Write out an exact copy of the line containing "Он также позирует" and all lines that follow it in the data below, leaving out pictures.

## DATASET CONTENT
-.-.-

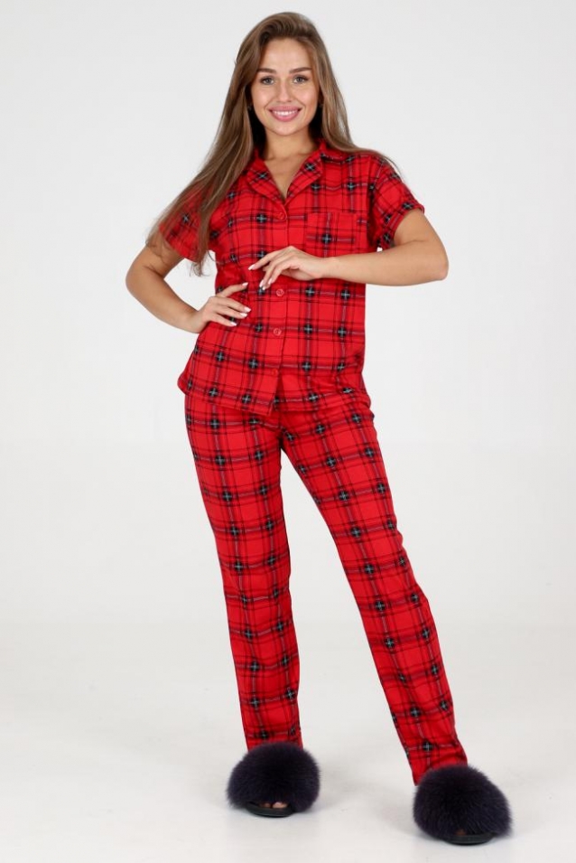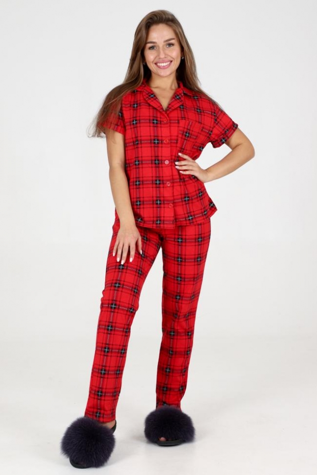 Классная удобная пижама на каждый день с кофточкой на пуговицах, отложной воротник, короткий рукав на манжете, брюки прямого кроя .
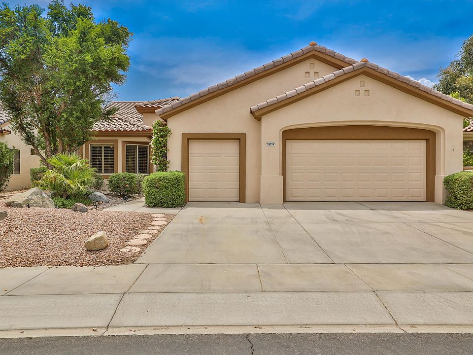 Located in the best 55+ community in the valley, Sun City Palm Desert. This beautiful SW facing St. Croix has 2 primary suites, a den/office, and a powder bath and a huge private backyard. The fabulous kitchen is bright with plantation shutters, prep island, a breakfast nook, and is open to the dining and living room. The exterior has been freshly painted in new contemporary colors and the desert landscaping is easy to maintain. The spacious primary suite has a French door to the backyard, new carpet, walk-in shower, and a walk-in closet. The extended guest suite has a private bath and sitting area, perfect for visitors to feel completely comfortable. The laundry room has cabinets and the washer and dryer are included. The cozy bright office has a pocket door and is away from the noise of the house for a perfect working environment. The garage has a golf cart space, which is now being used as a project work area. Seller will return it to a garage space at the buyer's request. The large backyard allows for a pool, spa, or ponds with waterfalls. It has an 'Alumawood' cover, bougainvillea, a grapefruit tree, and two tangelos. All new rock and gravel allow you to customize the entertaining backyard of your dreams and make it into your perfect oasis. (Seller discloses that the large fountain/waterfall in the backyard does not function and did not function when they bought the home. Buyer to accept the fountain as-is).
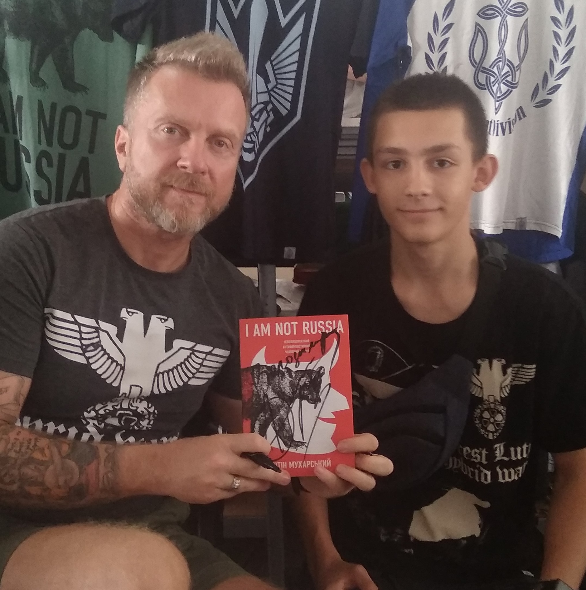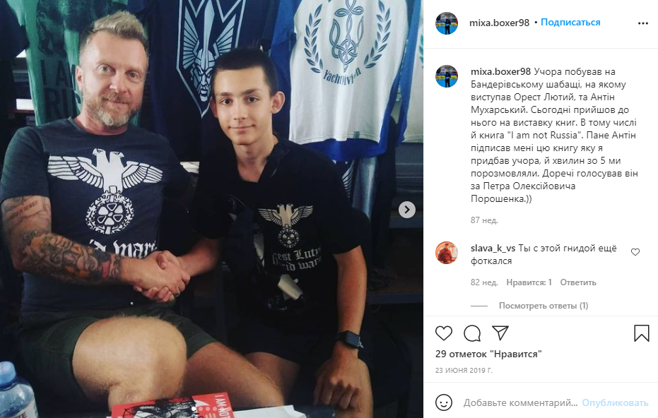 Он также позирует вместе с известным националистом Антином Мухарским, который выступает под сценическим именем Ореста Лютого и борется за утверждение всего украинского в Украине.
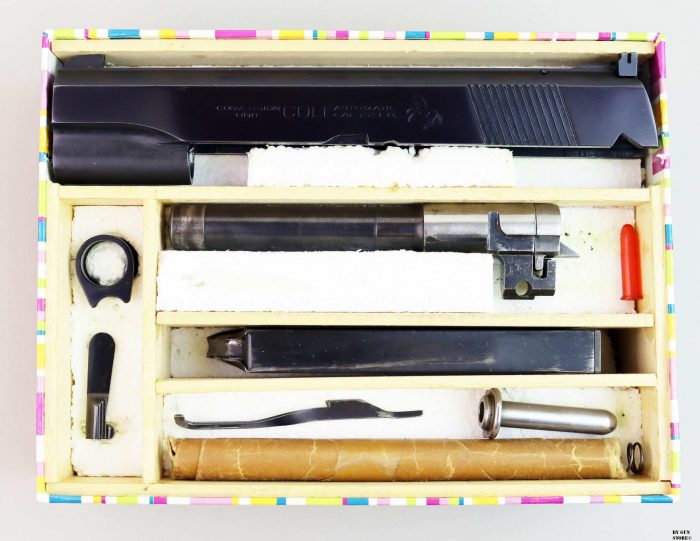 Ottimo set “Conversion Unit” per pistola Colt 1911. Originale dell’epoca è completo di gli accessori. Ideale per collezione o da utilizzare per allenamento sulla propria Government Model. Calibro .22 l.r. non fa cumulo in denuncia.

-.-.-

## WRITTEN RESPONSE
 Он также позирует вместе с известным националистом Антином Мухарским, который выступает под сценическим именем Ореста Лютого и борется за утверждение всего украинского в Украине.
 Ottimo set “Conversion Unit” per pistola Colt 1911. Originale dell’epoca è completo di gli accessori. Ideale per collezione o da utilizzare per allenamento sulla propria Government Model. Calibro .22 l.r. non fa cumulo in denuncia.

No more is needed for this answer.